[[ Data shown open ]]

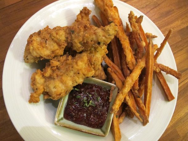 Buttermilk-Thyme Chicken Tenders with Cranberry Mustard and Sweet Potato Fries Recipe
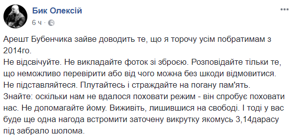"Арест Бубенчика лишний раз доказывает то, что я твержу всем побратимам с 2014 года. Не отсвечивать. Не публиковать фоток с оружием. Рассказывайте только то, что невозможно проверить или от чего можно без ущерба отказаться. Не подставляться. Путайтесь и жалуйтесь на плохую память.
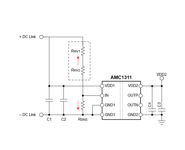 隨著高電壓汽車和工業(yè)設(shè)計的發(fā)展,人們對于精確、安全和高能效的電隔離電壓檢測設(shè)計的需求日益增長。AMC038x 產(chǎn)品系列是一組隔離式放大器和調(diào)制器,具有更高精度、增強集成和更強功能,可滿足這些要求。與使用外部電阻分壓器的傳統(tǒng)設(shè)計相比,這些器件采用集成高壓 (HV) 電阻,因此設(shè)計尺寸大大減小。要將電壓降至 1V 或 2V 電平,外部高壓電阻分壓器可能尺寸很大且成本高昂。此外,與分立式電阻相比,集成電阻具有非常低的溫度漂移和使用壽命漂移。因此,AMC038x 產(chǎn)品能夠在整個溫度范圍和使用壽命內(nèi)實現(xiàn)低于 1% 的精度,并且無需校準(zhǔn)。
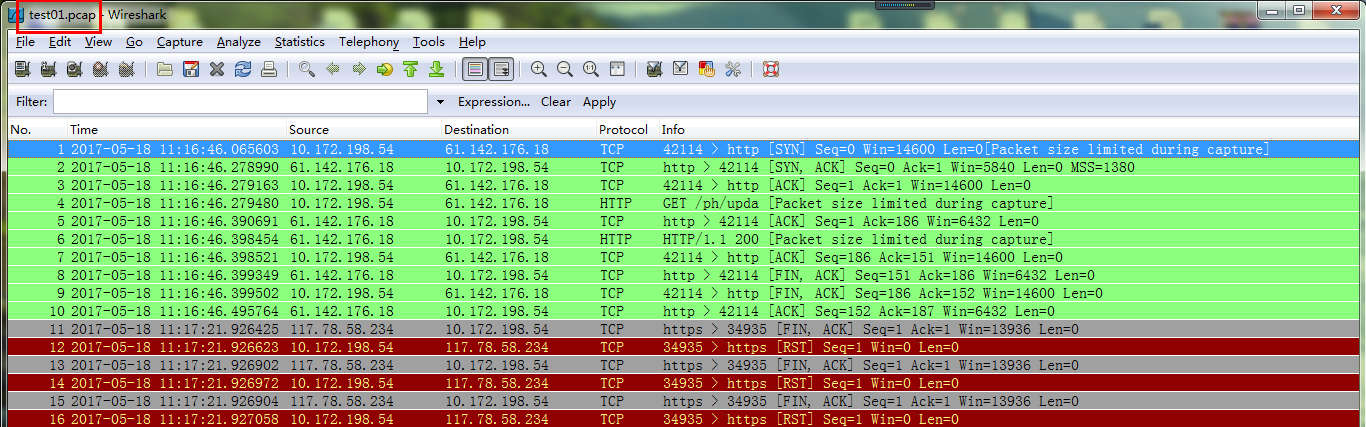 三、使用wireshark软件打开下载的数据包文件并进行分析
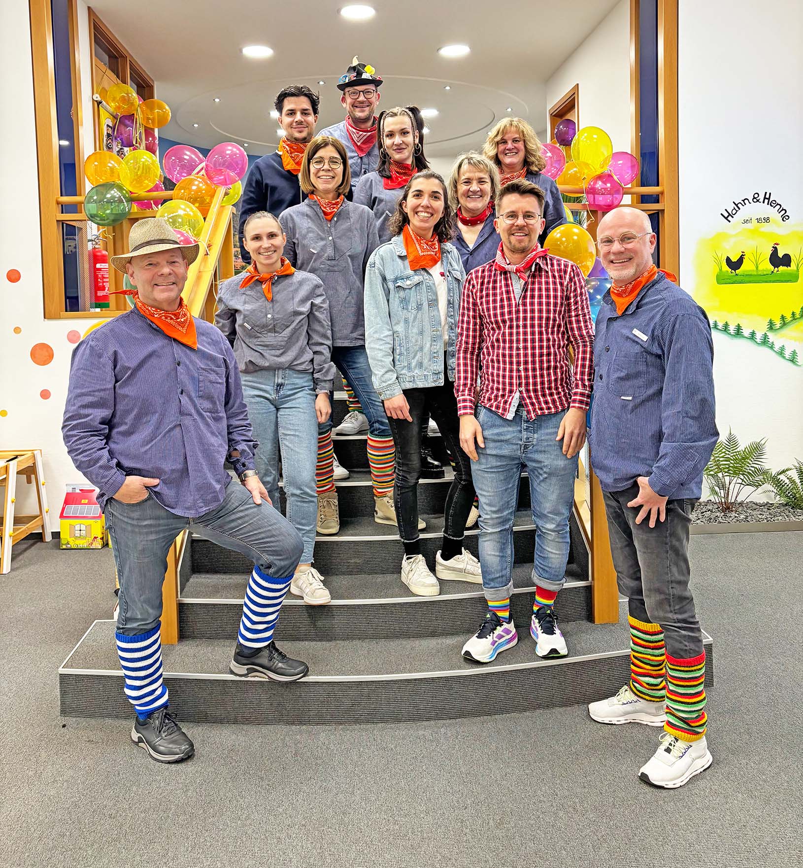 Blaues Burehemd, rotes Halstuch, Narrenkappe, bunte Ringelsocken: bodenständig geht es zur Fasend 2026 bei der Volksbank-Geschäftsstelle zu.
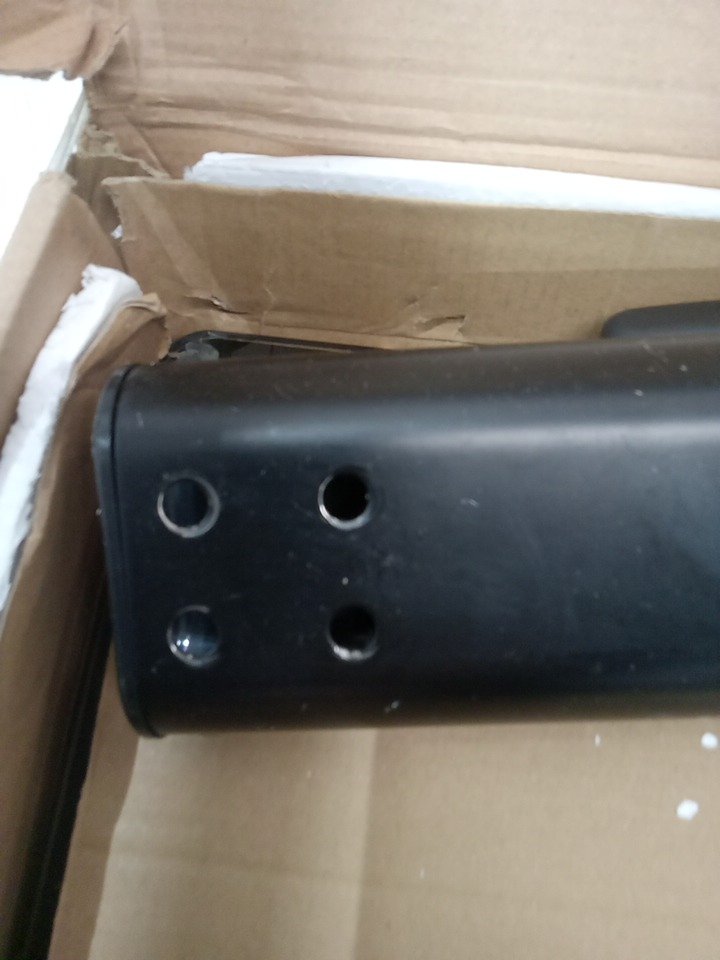 Missing part of the bracket and can likely be replaced with other brand's mount. One of the clips on the back is broken. Has some screw marks on it from previous use.
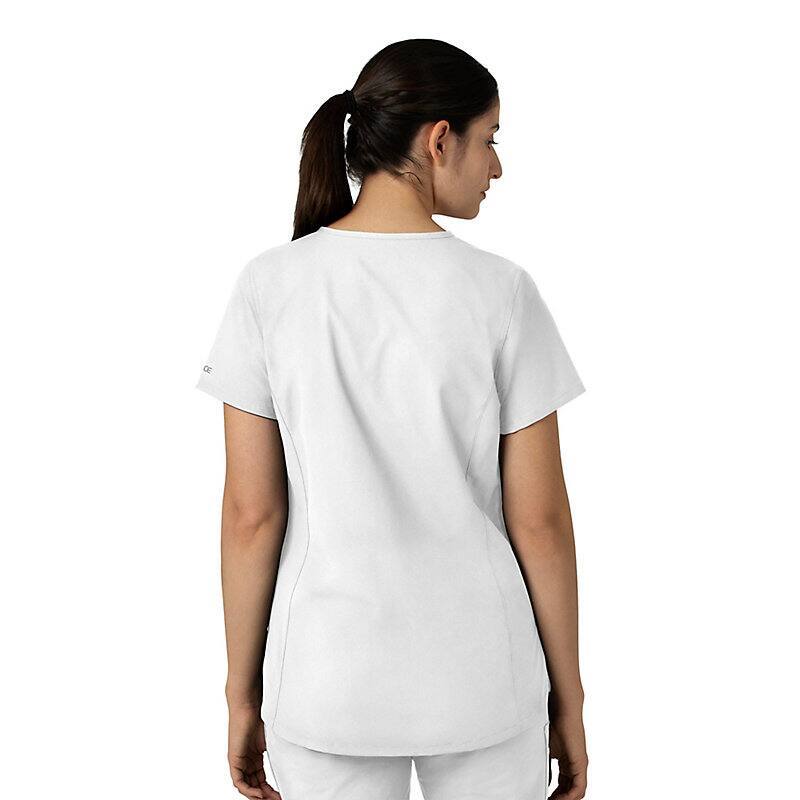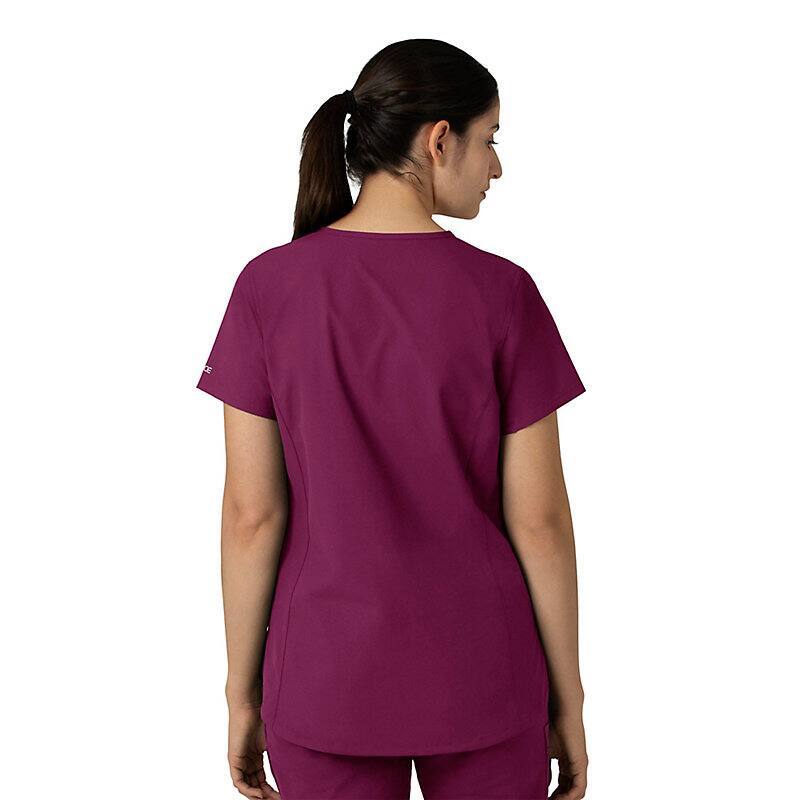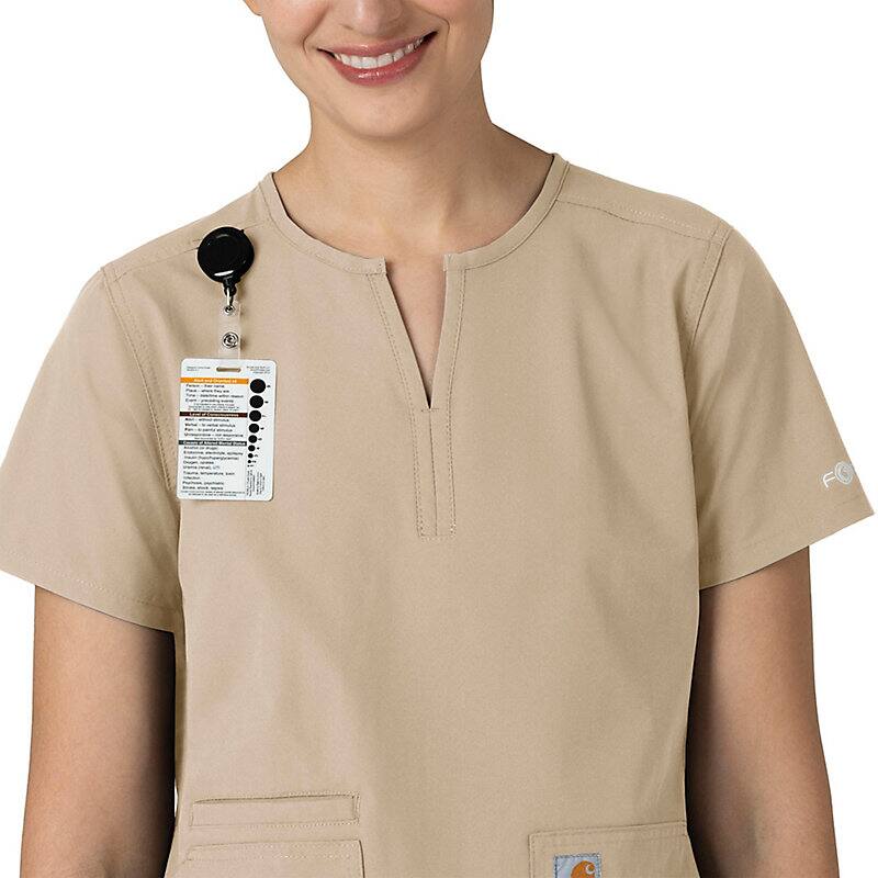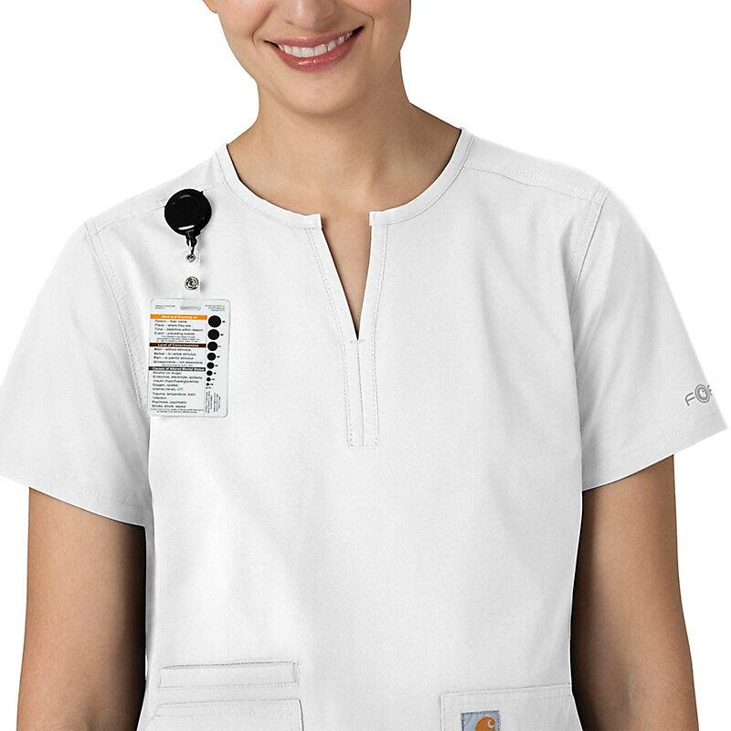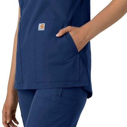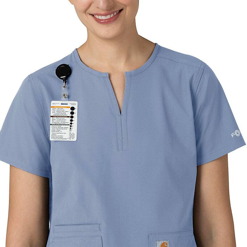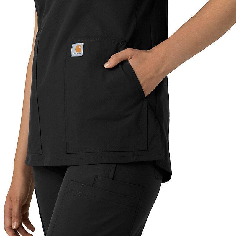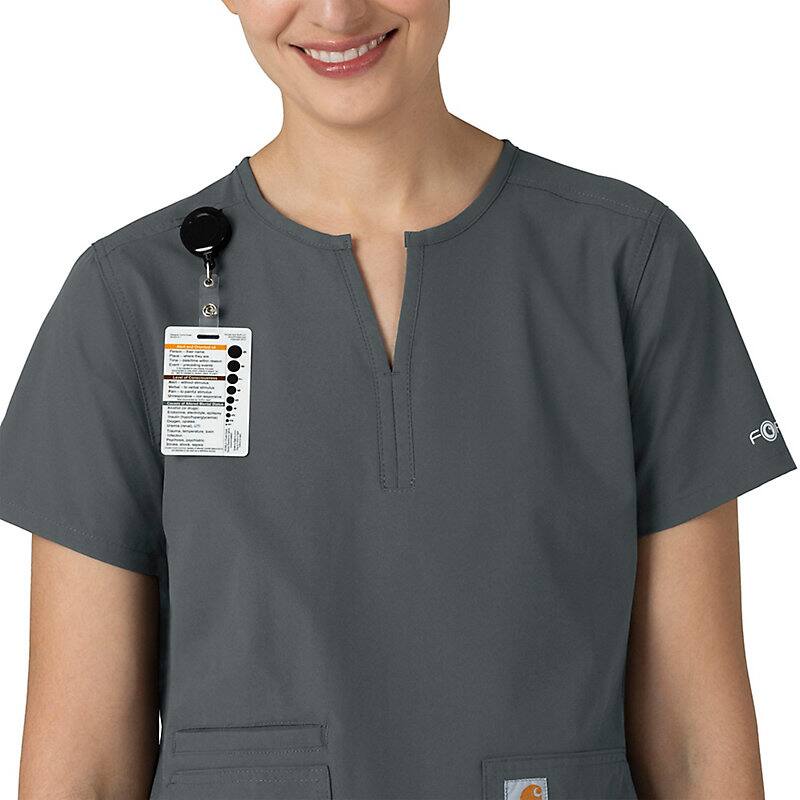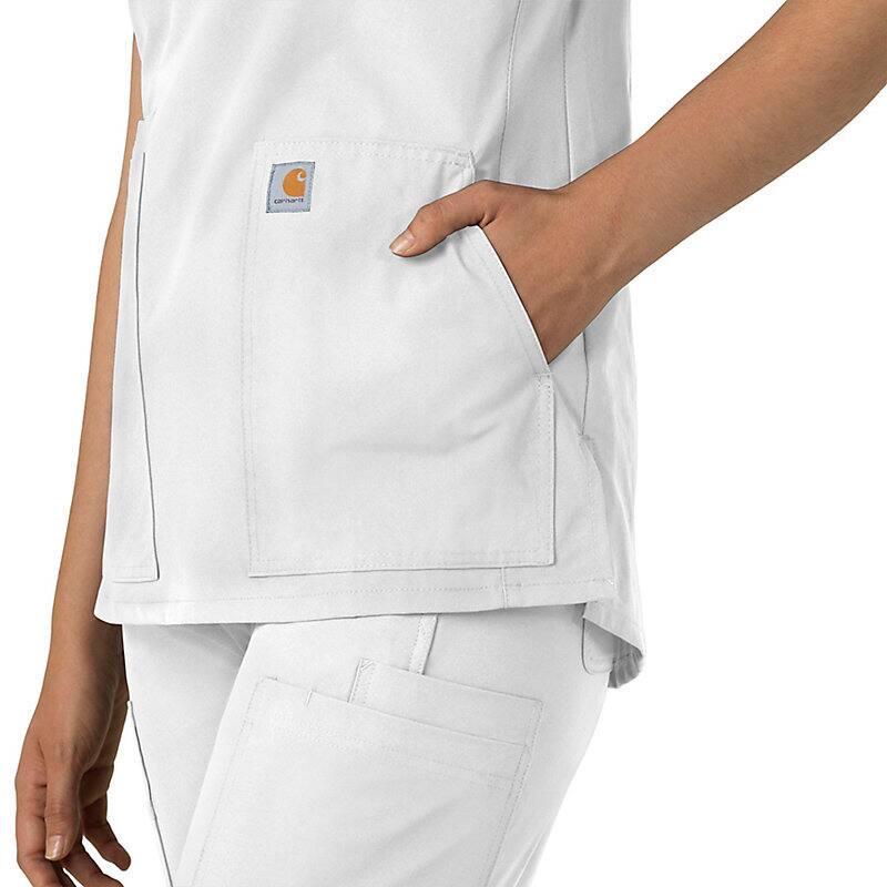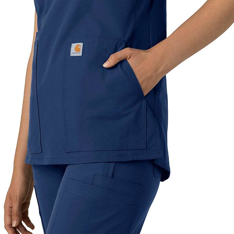 Keep all the things you need for a busy shift close at hand with this women's scrub top. The polyester-blend fabric has built-in flex so you can maneuver through small spaces or reach for supplies with ease. A cell phone pocket and earbud holders give you easy access to your electronics.

[[ Data shown closed ]]

* [Work request] A verbatim copy of all the records, minus the pictures, is the expected answer.

* [Completed exercise]
 Buttermilk-Thyme Chicken Tenders with Cranberry Mustard and Sweet Potato Fries Recipe
"Арест Бубенчика лишний раз доказывает то, что я твержу всем побратимам с 2014 года. Не отсвечивать. Не публиковать фоток с оружием. Рассказывайте только то, что невозможно проверить или от чего можно без ущерба отказаться. Не подставляться. Путайтесь и жалуйтесь на плохую память.
 隨著高電壓汽車和工業(yè)設(shè)計的發(fā)展,人們對于精確、安全和高能效的電隔離電壓檢測設(shè)計的需求日益增長。AMC038x 產(chǎn)品系列是一組隔離式放大器和調(diào)制器,具有更高精度、增強集成和更強功能,可滿足這些要求。與使用外部電阻分壓器的傳統(tǒng)設(shè)計相比,這些器件采用集成高壓 (HV) 電阻,因此設(shè)計尺寸大大減小。要將電壓降至 1V 或 2V 電平,外部高壓電阻分壓器可能尺寸很大且成本高昂。此外,與分立式電阻相比,集成電阻具有非常低的溫度漂移和使用壽命漂移。因此,AMC038x 產(chǎn)品能夠在整個溫度范圍和使用壽命內(nèi)實現(xiàn)低于 1% 的精度,并且無需校準(zhǔn)。
 三、使用wireshark软件打开下载的数据包文件并进行分析
 Blaues Burehemd, rotes Halstuch, Narrenkappe, bunte Ringelsocken: bodenständig geht es zur Fasend 2026 bei der Volksbank-Geschäftsstelle zu.
 Missing part of the bracket and can likely be replaced with other brand's mount. One of the clips on the back is broken. Has some screw marks on it from previous use.
 Keep all the things you need for a busy shift close at hand with this women's scrub top. The polyester-blend fabric has built-in flex so you can maneuver through small spaces or reach for supplies with ease. A cell phone pocket and earbud holders give you easy access to your electronics.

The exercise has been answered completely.